Set down, word for word, only the lines from the start of the records through the line bearing "1 print-out, por"; include no pictures.

Items listed in a dataset:
******************************

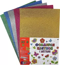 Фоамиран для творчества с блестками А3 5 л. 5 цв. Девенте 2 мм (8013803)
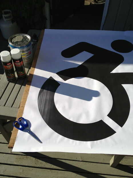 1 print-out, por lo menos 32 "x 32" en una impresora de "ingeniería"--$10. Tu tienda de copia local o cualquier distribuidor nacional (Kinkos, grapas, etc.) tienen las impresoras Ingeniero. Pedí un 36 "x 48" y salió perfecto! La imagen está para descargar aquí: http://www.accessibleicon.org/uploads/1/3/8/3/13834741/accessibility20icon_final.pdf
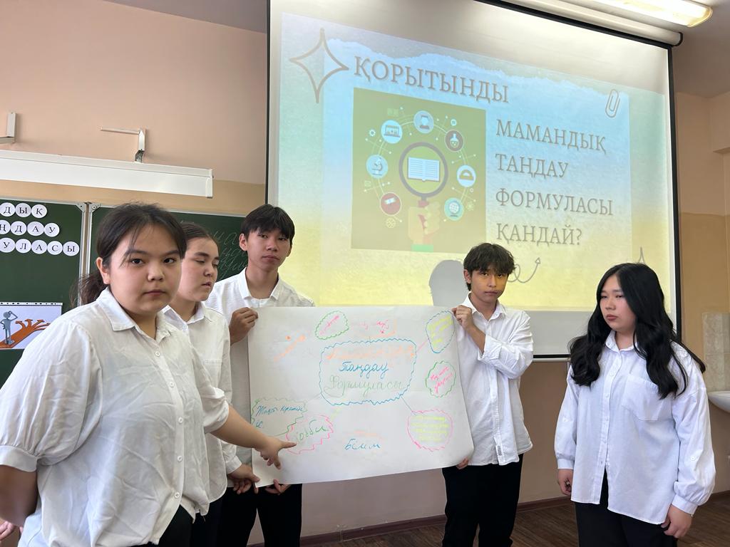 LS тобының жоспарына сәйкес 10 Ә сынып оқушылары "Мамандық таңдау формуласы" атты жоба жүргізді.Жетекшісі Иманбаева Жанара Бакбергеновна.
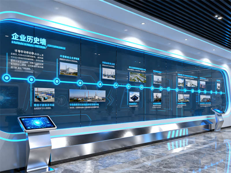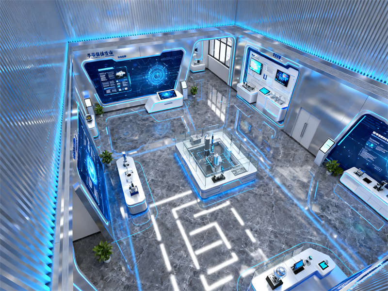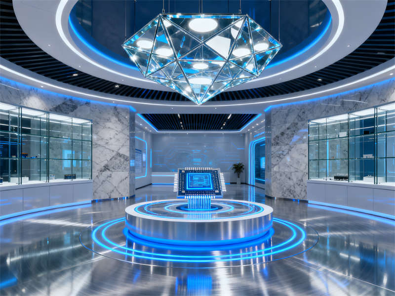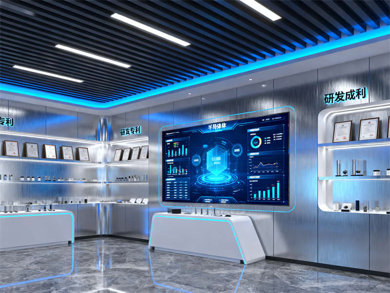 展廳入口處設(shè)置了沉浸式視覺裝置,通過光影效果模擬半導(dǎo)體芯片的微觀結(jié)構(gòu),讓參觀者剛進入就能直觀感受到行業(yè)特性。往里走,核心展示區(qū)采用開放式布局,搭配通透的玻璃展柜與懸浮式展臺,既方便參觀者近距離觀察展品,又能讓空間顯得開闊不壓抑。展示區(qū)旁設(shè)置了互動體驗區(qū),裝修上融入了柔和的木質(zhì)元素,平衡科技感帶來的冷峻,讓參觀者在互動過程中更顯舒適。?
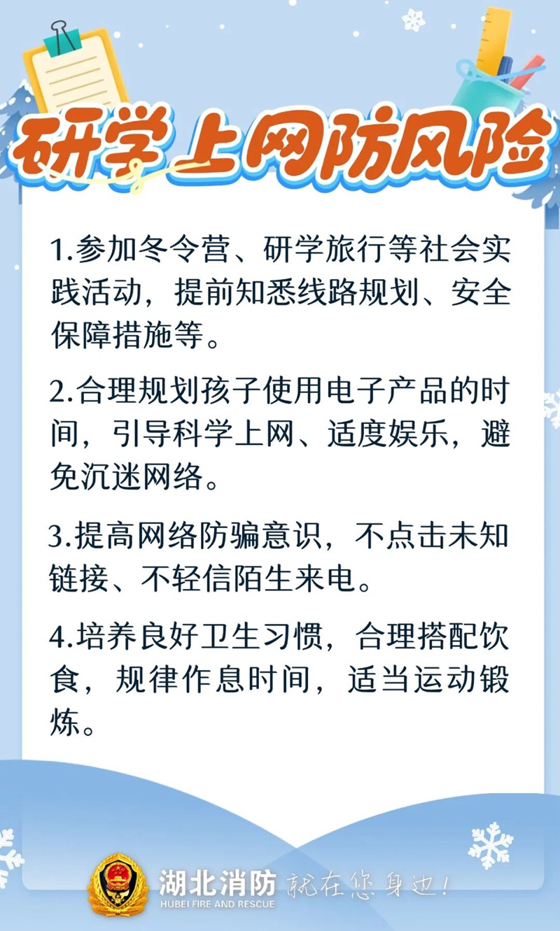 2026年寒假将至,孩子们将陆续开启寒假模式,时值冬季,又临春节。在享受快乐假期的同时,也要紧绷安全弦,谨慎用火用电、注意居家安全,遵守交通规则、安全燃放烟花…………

******************************

* _TASK OUTPUT_
 Фоамиран для творчества с блестками А3 5 л. 5 цв. Девенте 2 мм (8013803)
 1 print-out, por lo menos 32 "x 32" en una impresora de "ingeniería"--$10. Tu tienda de copia local o cualquier distribuidor nacional (Kinkos, grapas, etc.) tienen las impresoras Ingeniero. Pedí un 36 "x 48" y salió perfecto! La imagen está para descargar aquí: http://www.accessibleicon.org/uploads/1/3/8/3/13834741/accessibility20icon_final.pdf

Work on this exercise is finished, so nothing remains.